PRO 23 is a unique project for a number of reasons, none less so than it is our first ever volunteer digitisation project at The National Archives. That means that not only are the volunteers generating the catalogue data, but they are also generating the digital surrogate images of the seal moulds that appear on Discovery, our catalogue, as well!
The project leader, Amy Sampson, has written a lovely blog post about the project from inception to being live on Discovery, and has asked that I discuss how we worked together to ensure the surrogate images and metadata meet The National Archives’ required digital preservation standards. In other words, to explain how each image would need to be captured to a certain standard, be in a specified format, have accompanying descriptive and administrative metadata, and be able to conform to our standards for ingest into our Digital Records Infrastructure.
The nuts and bolts
Image capture standards: We have requirements around the required image resolution, image format and other technical aspects of the image capture. These ensure we are getting the best quality image that loses none of the detail of the original object. The format allows us to compress the image so it requires less storage space, but again without the loss of any information.
Descriptive and administrative metadata: Metadata is data that describes other data. ‘Descriptive metadata’ is the information you see on Discovery, in this case information such as the original seal owner, the colour of the original seal and the physical format of the seal mould all count as descriptive metadata about the original seal and the seal mould itself. ‘Administrative metadata’ is technical information about the image that we capture and preserve alongside the images. Information such as the image format, the image resolution and a checksum 1 for the image would fall under administrative metadata. Both types of metadata are important, as the descriptive metadata allows us to provide as much information as possible to the end user and administrative metadata ensures we know what we have inside our Digital Archive and can manage it effectively over time.
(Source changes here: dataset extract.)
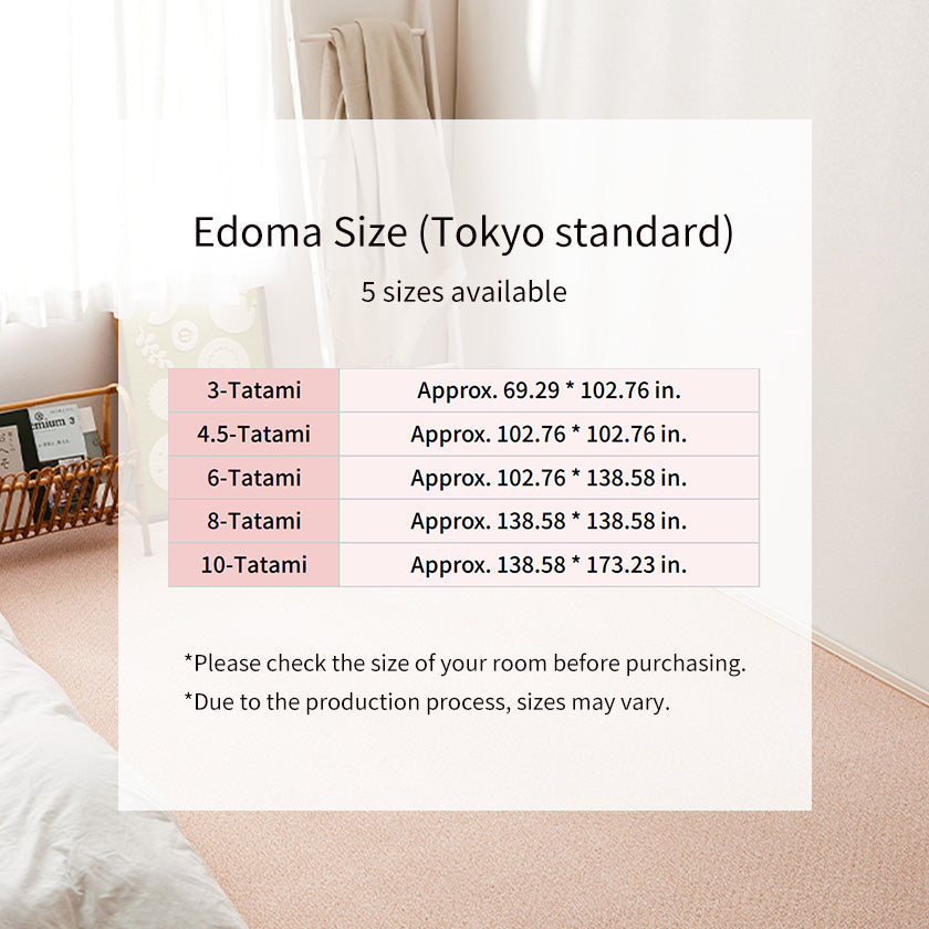 | Size | [Edoma Size (Tokyo standard)] 3-Tatami: W69.29 * L102.76 in. 4.5-Tatami: W102.76 * L102.76 in. 6-Tatami: W102.76 * L138.58 in. 8-Tatami: W138.58 * L138.58 in. 10-Tatami: W138.58 * L173.23 in. ([Edoma Size (Tokyo standard)] 3-Tatami: W176 * L261 4.5-Tatami: W261 * L261 6-Tatami: W261 * L352 8-Tatami: W352 * L352 10-Tatami: W352 * L440cm) |

Ingest into our Digital Records Infrastructure: Ingest is the word used to encompass the action of copying into our Digital Archive and validating over the data provided, to ensure it meets our required standards as discussed above. Anything that does not meet the standards would fail ingest, so it is important to get it right. Digital Records Infrastructure is the name we give to the modular and extensible set of networked systems that underpin and drive the Digital Archive of The National Archives. We call it DRI for short!
Mission not impossible
Once Amy had described the aims of the project to me, I got to work determining how to best facilitate this project so that the volunteers would feel empowered to carry out a number of tasks in order to meet the requirements described above, while not making it so complex that no one would want to take it on! One of the volunteers has written a great blog post on this very project so you can read about it from their point of view.
It was very important that I did not create a solution in isolation, but that Amy and I had frequent conversations about the project and that I understood her vision and what success would look like. Not only did we have to meet digital preservation standards, but we also had to ensure that the descriptive metadata that would appear on Discovery would meet cataloguing standards, and so a core part of this process was also working closely with the cataloguing team.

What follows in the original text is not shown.